**Source data:**

================================

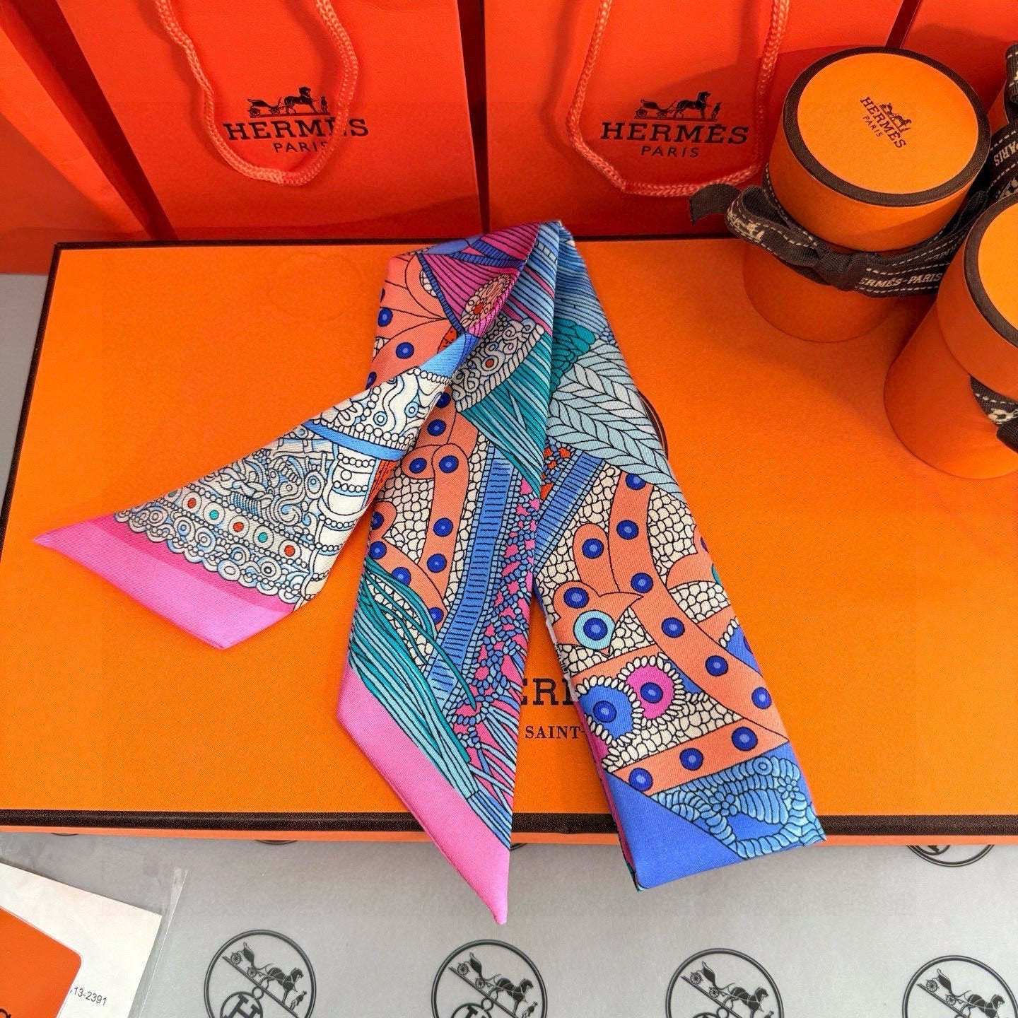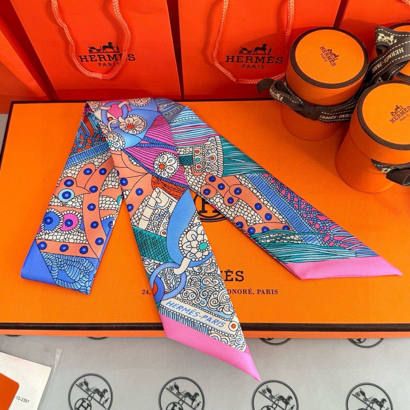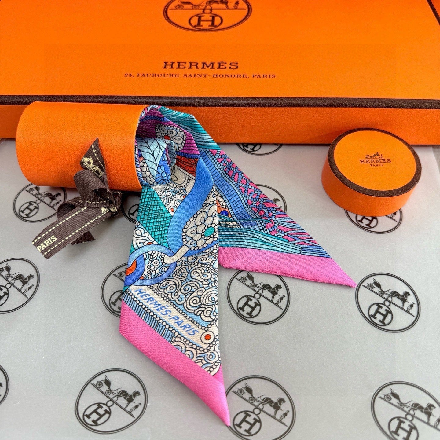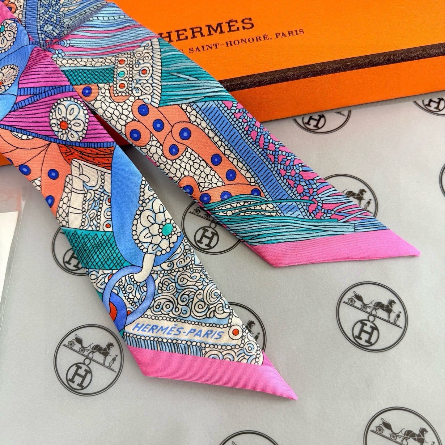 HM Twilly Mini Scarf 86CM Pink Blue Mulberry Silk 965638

================================

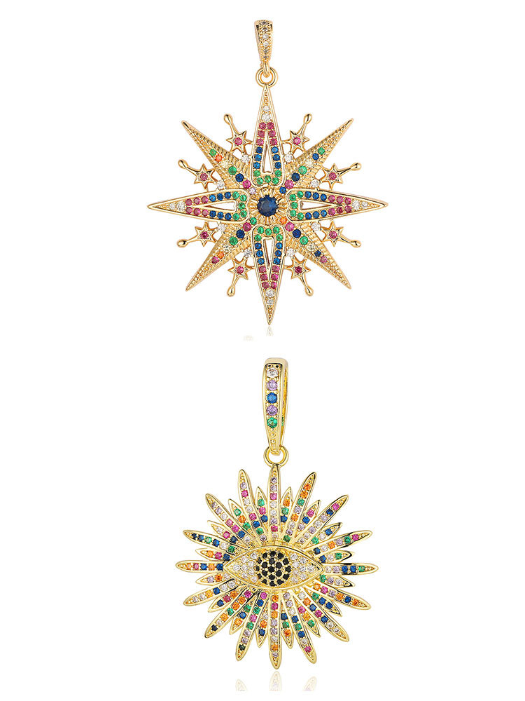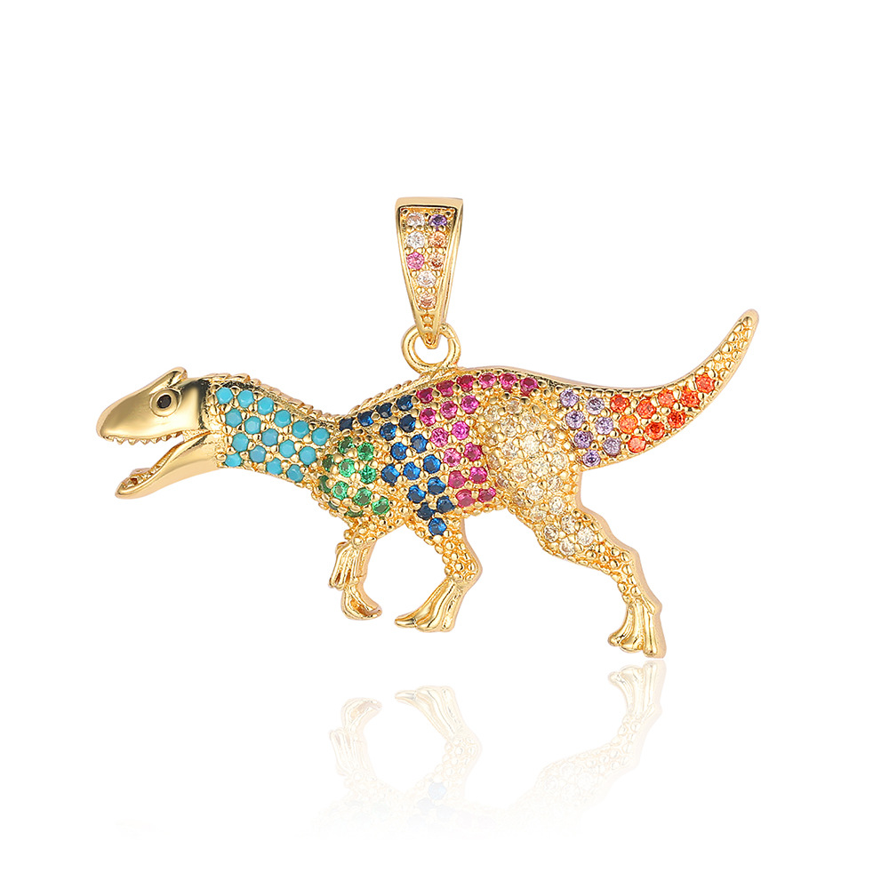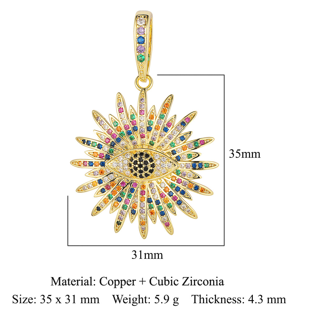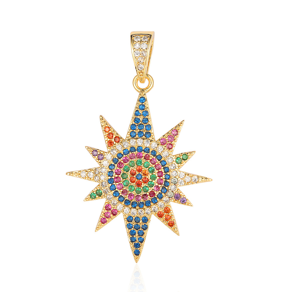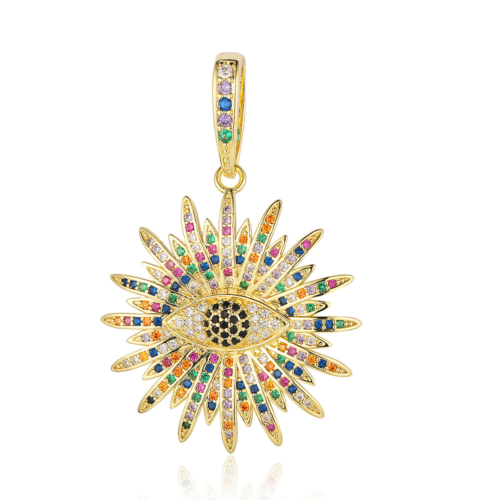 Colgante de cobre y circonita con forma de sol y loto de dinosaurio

================================

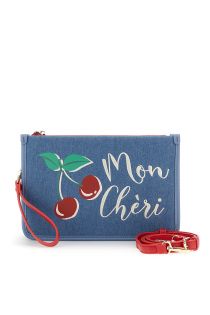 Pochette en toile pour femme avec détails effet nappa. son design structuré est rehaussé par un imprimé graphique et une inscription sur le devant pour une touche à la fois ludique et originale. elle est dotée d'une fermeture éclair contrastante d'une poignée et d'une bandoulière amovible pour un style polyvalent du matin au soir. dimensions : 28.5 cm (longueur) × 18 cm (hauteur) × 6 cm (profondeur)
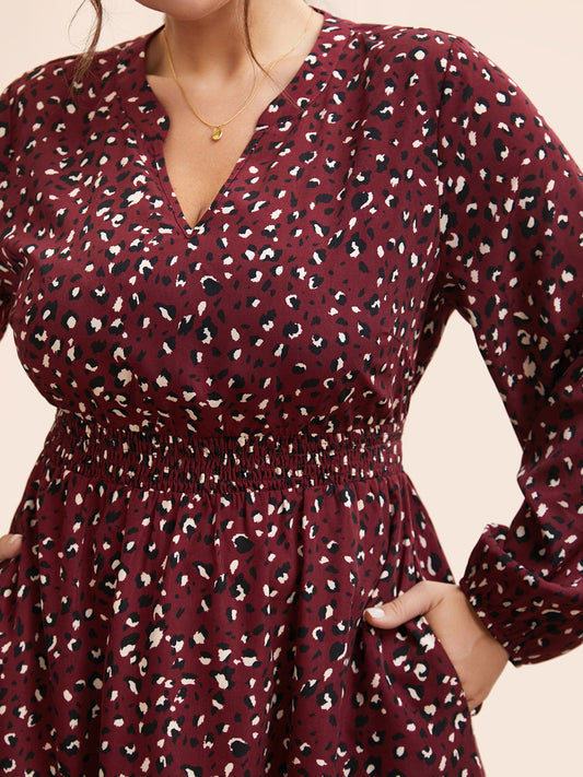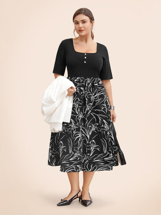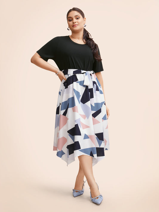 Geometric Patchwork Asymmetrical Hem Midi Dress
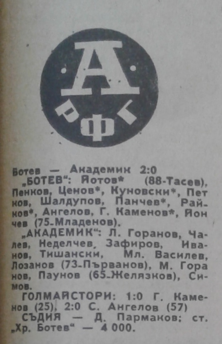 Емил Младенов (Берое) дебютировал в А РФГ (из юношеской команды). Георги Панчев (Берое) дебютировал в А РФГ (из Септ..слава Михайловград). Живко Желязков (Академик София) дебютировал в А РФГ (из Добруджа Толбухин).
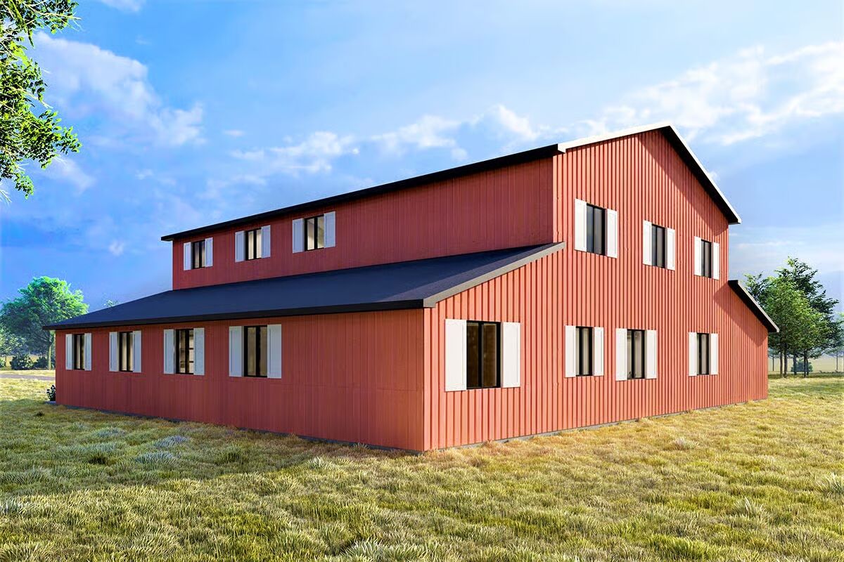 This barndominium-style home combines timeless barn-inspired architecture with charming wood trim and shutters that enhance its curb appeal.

================================

**What to work on:**
Print everything from the line with "Емил Младенов (Берое)" down to the line with "This barndominium-style home" in the entries above, both lines included and nothing more, without the pictures.

**Answer to the exercise:**
 Емил Младенов (Берое) дебютировал в А РФГ (из юношеской команды). Георги Панчев (Берое) дебютировал в А РФГ (из Септ..слава Михайловград). Живко Желязков (Академик София) дебютировал в А РФГ (из Добруджа Толбухин).
 This barndominium-style home combines timeless barn-inspired architecture with charming wood trim and shutters that enhance its curb appeal.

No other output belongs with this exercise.